Fix test suite hang by reordering shutdown: stop event publishers before AsyncService and destroy Flowable after app shutdown by yan-3005 · Pull Request #26160 · open-metadata/OpenMetadata

yan-3005 · 2026-02-28T06:25:52Z

Describe your changes:

Fixes

I worked on ... because ...

Type of change:

Checklist:

I have read the CONTRIBUTING document.
My PR title is Fixes <issue-number>: <short explanation>
I have commented on my code, particularly in hard-to-understand areas.
For JSON Schema changes: I updated the migration scripts or explained why it is not needed.

Summary by Gitar

Shutdown ordering fix for test hang:
- Moved Flowable ProcessEngine destruction after Dropwizard app shutdown in TestSuiteBootstrap.cleanup()
- Reordered event publishers/schedulers before AsyncService shutdown in OpenMetadataApplication.stop()

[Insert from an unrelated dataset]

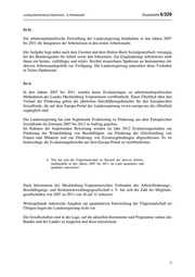 Landtag Mecklenburg-Vorpommern - 6. Wahlperiode Drucksache 6/329 Zu b) Die arbeitsmarktpolitische Zielstellung der Landesregierung beinhaltete in den Jahren 2007 bis 2011 die Integration der Arbeitslosen in den ersten Arbeitsmarkt. Die Aufgabe liegt dabei nach dem Zweiten und dem Dritten Buch Sozialgesetzbuch vorrangig bei der Bundesagentur für Arbeit sowie den Jobcentern. Zur Eingliederung Arbeitsloser steht ihnen ein breites, vielfältiges und relativ flexibel einsetzbares Spektrum an Instrumenten der aktiven Arbeitsmarktpolitik zur Verfügung. Die Landesregierung unterstützt diese Vorhaben in Teilen flankierend. Zu c) In den Jahren 2007 bis 2011 wurden keine Evaluierungen zu arbeitsmarktpolitischen Maßnahmen des Landes Mecklenburg-Vorpommern veröffentlicht. Einen Überblick über den Verlauf der Förderung geben die jährlichen Durchführungsberichte für den Europäischen Sozialfonds, die auf dem Europa-Portal der Landesregierung (www.europa-mv.de) öffentlich zugänglich sind. Die Landesregierung hat eine begleitende Evaluierung zu Förderung aus dem Europäischen Sozialfonds im Zeitraum 2007 bis 2013 in Auftrag gegeben. Im Rahmen der begleitenden Bewertung werden im Jahr 2012 Evaluierungsstudien zur Förderung der Weiterbildung von Beschäftigten, zur Förderung der Gleichstellung von Frauen und Männern und zur Förderung von Existenzgründungen abgeschlossen. Es ist beabsichtigt, die Evaluierungsberichte auf dem Europa-Portal zu veröffentlichen. 4. Wie hat sich die Trägerlandschaft im Bereich der aktiven Arbeits- marktpolitik in den Jahren 2007 bis 2011 im Land quantitativ und qualitativ entwickelt? Nach Information des Mecklenburg-Vorpommerschen Verbandes der Arbeitsförderungs-, Beschäftigungs- und Strukturentwicklungsgesellschaft e. V. hat sich die Zahl der Mitglieds- gesellschaften von 2007 zu 2011 von 36 auf 31 reduziert. Weitergehende statistische Angaben zur quantitativen Entwicklung der Trägerlandschaft im Übrigen liegen der Landesregierung nicht vor. Die Gesellschaften sind in der Lage, auf die aktuellen Instrumente und Programme seitens des Bundes und des Landes zu reagieren und diese umzusetzen. 7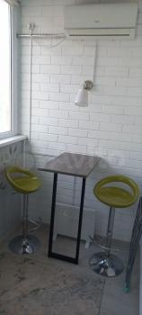 В балконной зоне стол, полки и стул. Система «тёплый пол». Зона оборудована под кабинет.

_{This will update automatically on new commits.}

…owhandler reordering

gitar-bot · 2026-02-28T06:28:13Z

🔍 CI failure analysis for 6fec1ca: Multiple test failures (47 unit tests + 2 E2E tests) appear unrelated to PR's shutdown ordering changes, as failures occur during test execution, not during cleanup.

Issue

Multiple test failures across different test suites:

Playwright E2E Tests (postgresql shard 1, 6) - 2 tests failed/flaky:
- SearchIndexApplication test - Timed out waiting for API responses and UI elements
- Metric test (flaky) - "Target page, context or browser has been closed" errors
Maven Unit/Integration Tests - 47 tests failed across multiple areas:
- DataProductResourceTest (6 failures) - Domain migration and data product workflow issues
- EventSubscriptionResourceTest (16 failures) - NullPointerExceptions in Slack/MSTeams/Webhook callbacks
- NotificationResourceTest (7 failures) - Connection/timeout issues with notification endpoints
- APIServiceResourceTest (8 failures) - Type mismatch in OpenAPI schema deserialization
- IngestionPipelineLogStorageTest (5 failures) - S3 multipart upload and streaming issues
- JsonUtilsTest (1 failure) - Unexpected "entityStatus" field in serialization
- Others (4 failures) - Miscellaneous issues

Root Cause

The test failures appear UNRELATED to the PR changes. Here's why:

PR Changes:

Modified Java shutdown ordering in TestSuiteBootstrap.cleanup() - moved Flowable ProcessEngine destruction to occur after Dropwizard app shutdown
Reordered event publishers/schedulers in OpenMetadataApplication.stop() - now shuts down EventPubSub and EventSubscriptionScheduler before AsyncService

Evidence these failures are unrelated:

Timing: All failures occur during test execution, NOT during cleanup/shutdown phases
Nature of failures:
- EventSubscriptionResourceTest NPEs suggest callback infrastructure issues, not shutdown ordering
- APIServiceResourceTest type mismatches indicate schema/deserialization problems
- IngestionPipelineLogStorageTest S3 failures suggest infrastructure/configuration issues
- Playwright timeout waiting for API responses is a runtime issue, not cleanup
Scope: 47 diverse test failures across completely different subsystems (events, notifications, API services, S3 storage, UI tests)
Shutdown code is only executed AFTER tests complete, not during test execution

Details

Failure categories breakdown

Event Subscription Failures (16 tests):

Cannot invoke "...EventDetails.getEvents()" because "details" is null

Pattern: Callback resources (Slack, MSTeams, Webhook) returning null EventDetails. This suggests the event subscription callback infrastructure has pre-existing issues.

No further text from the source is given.